David Bowie is the only performer on the first disc who avoids the dated trappings of his era. It is he, oddly, who resists mythologizing his work. With the Diamond Dogs tour just ended, he has ditched his personas to front a Philly soul rock band, and performs the then unreleased “Young Americans” (with a back-up group that includes Luther Vandross). He is visibly nervous in the interview, yet refuses to over-intellectualize his work, claiming he’s just a storyteller and actor, and reroutes a conversation when it veers towards politics, saying he’s unqualified to talk about it.

The Rolling Stones also avoided over-intellectualizing their work; at their best they played a bare bones bar band. It was their evolution into corporate monstrosity that would see their downfall in musical quality, adequately documented in portions of an episode shot from a concert at Madison Square Garden. A performance of “Brown Sugar” is combined with backstage footage that captures the ridiculous production of a major tour. In the dressing room, Cavett goads Mick Jagger into a discussion about Keynesian economics (Jagger was a business major) and the likelihood of his singing when 60 (“Very likely,” Jagger says).

Devoting a whole disc to Janis Joplin might seem like a bit much, but her three episodes sketch an engaging portrait: Cavett and Joplin have a charming chemistry and she delivers knockout performances. Three interview combinations stand out: Joplin with critic Michael Thomas, Raquel Welch, and Gloria Swanson. She argues with Thomas on the quality of music criticism and the naval-gazing tendency of its writers, she tells Welch that she didn’t like Myra Breckenridge but tries to find a connection between their polar personalities through their mutual experiences with fame, and probes Swanson on her thoughts on censorship and the cultural climate of ’20s and ’30s Hollywood. Joplin is never rude; rather, she seems sure of herself and her artistry, and is trying to challenge herself and the people around her in these discussions.

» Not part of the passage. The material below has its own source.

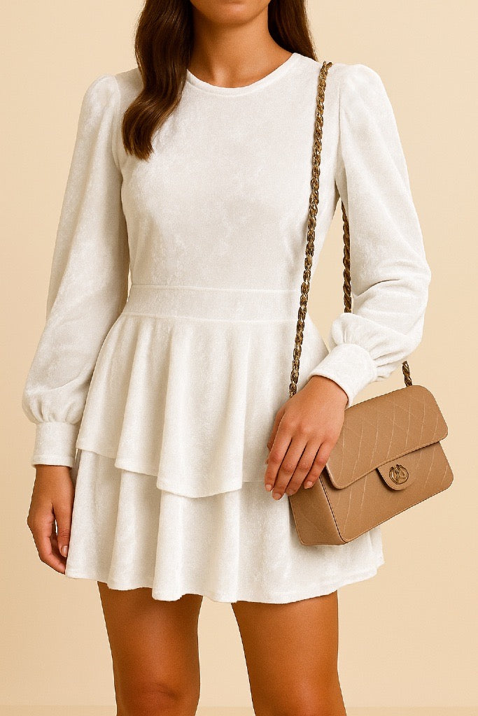 • Vestido con manga aglobada, y doble vuelo corte plato

In an illuminating interview with director Bob Weide, Cavett talks about his unexpected friendship with Joplin, recalling that they smoked his first and only joint together and a night on the town in New York with her after a taping. He remembers saying to her at one point, “I hope you don’t do heroin,” to which she replied, “Who would care?” Weide observes that Joplin may have liked Cavett because he treated her like a lady. Here one can see him taking her by the hand and leading her to her seat; Joplin looks absolutely tickled.

The third disc is less focused, though the three featured artists share a workingman’s approach to their craft. It opens with a mediocre episode where Stevie Wonder appears to be struggling with his nascent adulthood, and demonstrates his emerging sweet soul sound in his performance of “Never Dreamed You’d Leave in Summer.” George Harrison, promoting the release of The Concert For Bangladesh, is down to earth and funny, discussing everything from the Beatles’ drug use to bad sitar music and lousy American television. On the final episode, Paul Simon reveals how he uses chord changes to provoke emotional responses in the listener and asks Cavett for help finishing a song that would become “Still Crazy After All These Years.”

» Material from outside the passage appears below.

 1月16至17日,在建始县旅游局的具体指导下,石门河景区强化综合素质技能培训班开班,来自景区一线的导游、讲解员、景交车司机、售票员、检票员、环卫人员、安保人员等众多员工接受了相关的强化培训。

For classic rock fans, the set contains some fascinating moments, and it’s a testament to Cavett’s willingness to play with format that they don’t seem dated. But while there’s obvious commercial appeal in focusing on rock stars, this theme is not the best choice to highlight Cavett’s assets as an interviewer. While he tries to probe his interview subjects, they often seem complacent, and he isn’t knowledgeable enough about the subject (as he is on literature and old Hollywood) to challenge them (he tells Weide he’s not interested in most rock music). In fact, many of the best moments — Elsa Lanchester recalling how much she hated Isadora Duncan, Jerry Kosinski talking about writing his biography — don’t have anything to do with rock. Mythologizing “rock icons” seems an inauspicious start for a retrospective of a series renowned for its unpretentious intellectualism.